Countries are making trade deals, knocking down barriers, opening up markets. The USA, on the other hand, is spinning in circles. We talk a good game, but we just don’t play one. The fear is that the final four will become the final three. The #1 rated team will soon get benched…not because we didn’t play well…simply because we didn’t play as a team, and our team lacked a long-term game plan.

Our country needs a robust trade policy, and trade is essential to the enhancement of the U.S. economy. It’s abundantly clear that over the last four years, trade policy for the USA has not been sparked with enthusiasm and enlightenment. Both the Obama Administration and the U.S. Congress have demonstrated time and again that talk about trade is rhetoric over substance.

The 111th and 112th Congresses rolled over what they could, enacted only what they had to and let any serious discussion of trade policy fade into oblivion. When a legitimate trade tool (like a duty suspension) is labeled as an earmark, then we know (for sure) that our international trade policy has completely ground to a halt, with little chance for success.

The White House took their stand on trade early in the first term.

On September 11, 2009, the Obama Administration placed a three-year, 35 percent tariff on low-price tires imported from China. This was a painful political protection that wasn’t even necessarily needed (or wanted) by the very people it was designed to help. Allowed under World Trade Organization rules, this was a restrictive action promoted by the United Steelworkers Union as a “job protection” effort. The administration failed to realize that low-cost tires were being used as a “merchandising tool” to balance the sale of high-price tires that were already being made in the United States.
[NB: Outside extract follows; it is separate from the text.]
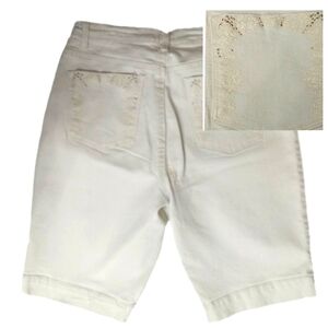 Gloria Vanderbilt Classic Casual Amanda Shorts Embroidered Studded Pockets Taper Bermuda High Rise Mid Wash Stretch Denim Women 10 Ivory White Zip Button Closure Belt Loops Pocket Detail
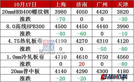 10月17日,國內(nèi)鋼材市場弱勢下行。25個主要城市中,上海、長沙、天津、重慶等14個城市螺紋鋼價格下跌10-150元/噸;杭州、廣州、北京、沈陽等14個城市熱卷價格下跌20-90元/噸;上海、濟南、北京、重慶等14個城市中厚板價格下跌10-50元/噸。

The useless tire tax was in effect for a full three years, and the results were terrible. Production of the low-cost tires was simply relocated to other countries, and the punitive damages in the form of higher prices (as studied by the Peterson Institute) cost consumers about $1.1 billion in additional expense. At the same time, employment in the U.S. tire industry had a huge employment surge of only 1,200 workers, with an estimated cost of $900,000 for each job saved. How sad is this — choosing punishment over progress.
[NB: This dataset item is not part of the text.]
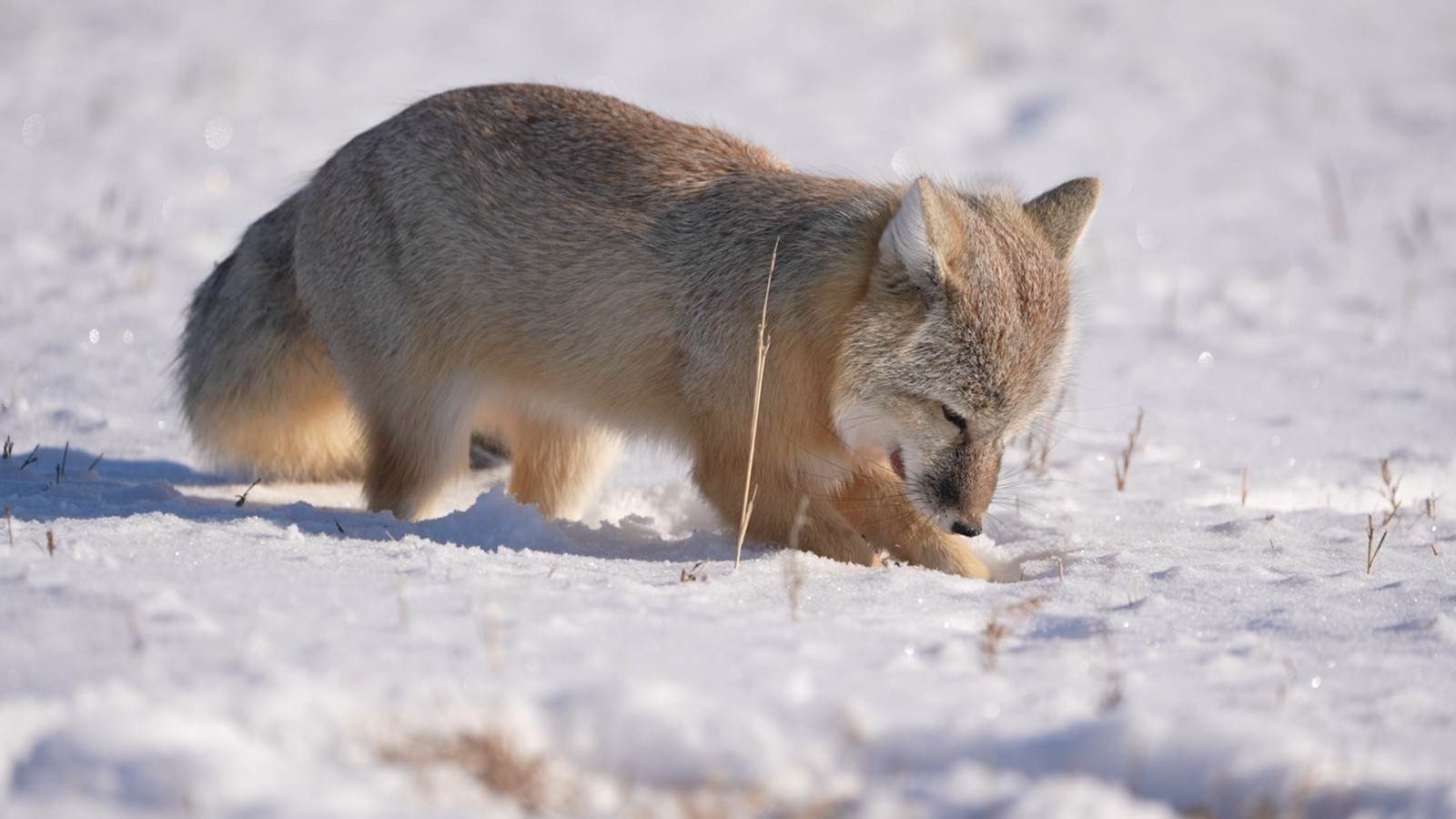 萌萌的小沙狐在白茫茫的雪原上搜寻着过冬所需的食物,时而坐下休息,时而警惕地竖起双耳听着雪底下的声音,小小的身躯,在雪地里一颠一跑憨态可掬。沙狐在找到食物后会用爪子挖坑,再用鼻子把食物埋在雪地里,为寒冬的到来做好准备。

Simply look to recent efforts to renew and expand the Generalized System of Preferences (GSP), where Congress chose rollover instead of reform. Or, look to the extended delays in finally passing the long-awaited trade agreements with Colombia, Panama and South Korea. These delays raised doubts about the U.S. position on trade, as it relates to the global markets.

Rhetoric emanating from Washington would have us believe that we are creating a trade policy that is forward thinking in nature. However, we remain puzzled about the administration’s efforts to live up to its commitments. For example, when questioned about the 2014 expiration of the Nicaragua tariff preference level (TPL), the Office of the United States Trade Representative has argued that this valuable TPL has “outlived its usefulness.” Those of us who study these trade happenings are trying to better understand how a trade allowance that balances a manufacturing process and utilizes U.S. fabric in a Central American country can “outlive its usefulness,” especially when there is a need (exactly like what happened with the tire case) to balance the utilization of higher price fabric with lower price fabric.
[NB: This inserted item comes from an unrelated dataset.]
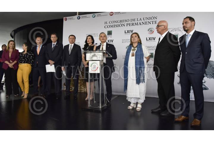 CIUDAD DE MÉXICO, 21MAYO2019.- Senadores de las bancadas del PRI, PAN, Movimiento Ciudadano y PRD, ofrecieron conferencia de prensa para fijar su postura en solicitar la comparecencia de Carlos Urzúa, secretario de Hacienda y Crédito Público, ante la reciente renuncia de Germán Martínez, director general del Instituto Mexicano del Seguro Social (IMSS). FOTO: MARIO JASSO /CUARTOSCURO.COM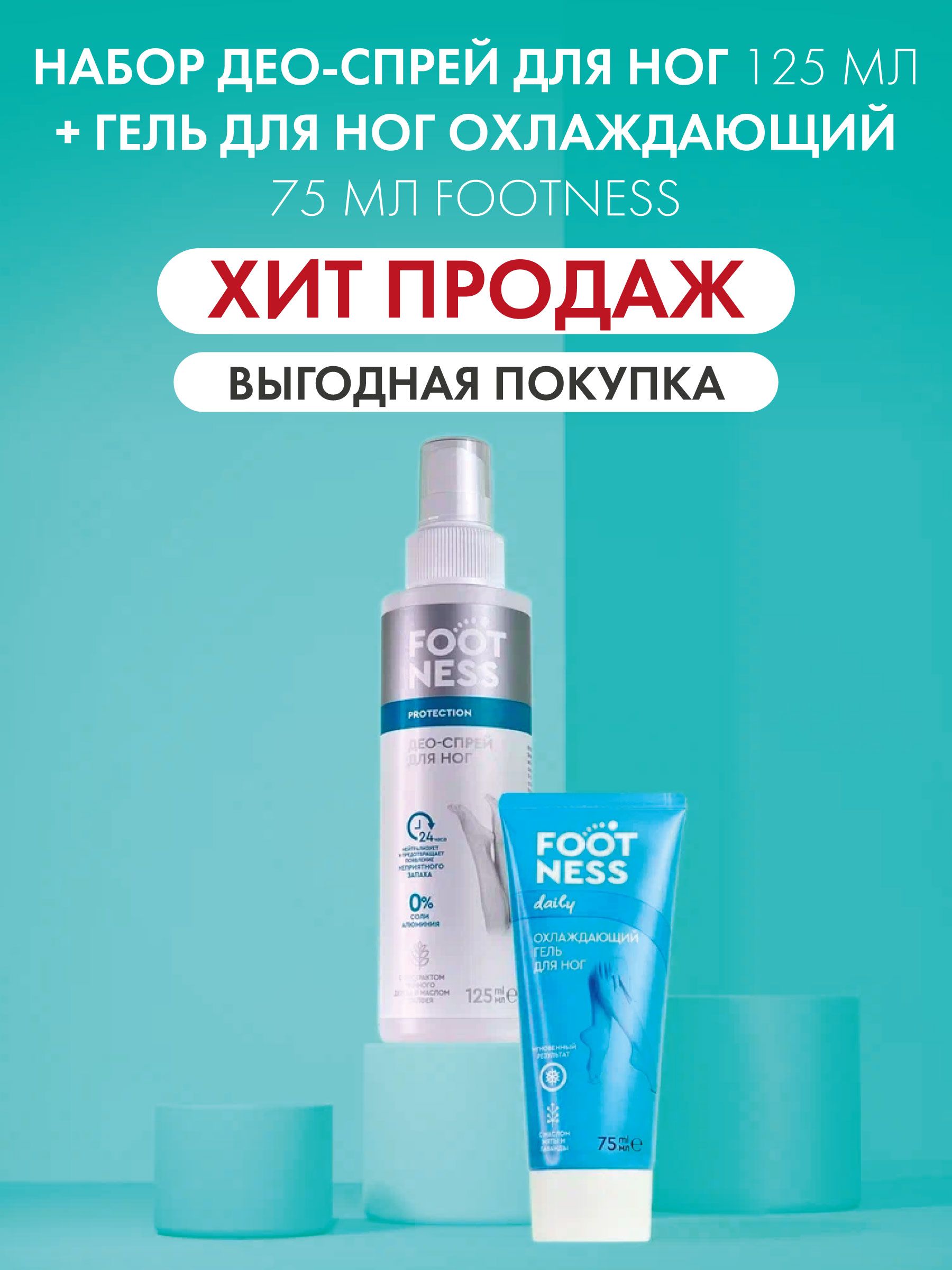 Набор Део-спрей для ног 125 мл; Гель для ног охлаждающий 75 мл Footness

The good news is that our Apparel, Textile and Footwear industries have not given up hope. We are optimistic that President Obama and Congress will find new trade energy in this second term. We would like to see fewer words, fewer meetings (TPP is in round 17), and more action on substantive trade issues.

As an industry that relies on global trade, we know all too well that trade means jobs. Trade offers us the ability to satisfy customer demand and helps to grow our economy. We are now in the early stages of the 113th Congress, and the Obama Administration has been talking trade to all who will listen. Let’s hope that this new administration starts to create its trade legacy. Let’s hope they will take our trade issues seriously, because the four million U.S. workers who engage in the apparel and footwear industry, and the millions of hardworking American families who buy our goods, depend on it. At the end of the day, perhaps a new version of the old adage is true: If wishes were horses, then trade bills would ride.

Rick Helfenbein is president of Luen Thai USA, a division of Luen Thai Holdings Ltd., the largest publicly traded apparel supply chain services company on the Hong Kong Stock Exchange. He was recently elected vice chairman of the American Apparel & Footwear Association and has been involved with the Clinton Global Initiative efforts for relief aid and job creation in Haiti, and has worked to help create the SAVE Act, which would develop a trade preference agreement between the U.S. and The Philippines. Helfenbein annually participates in COER, which is the Consortium for Operational Excellence in Retailing at the Wharton School of Business and Harvard University.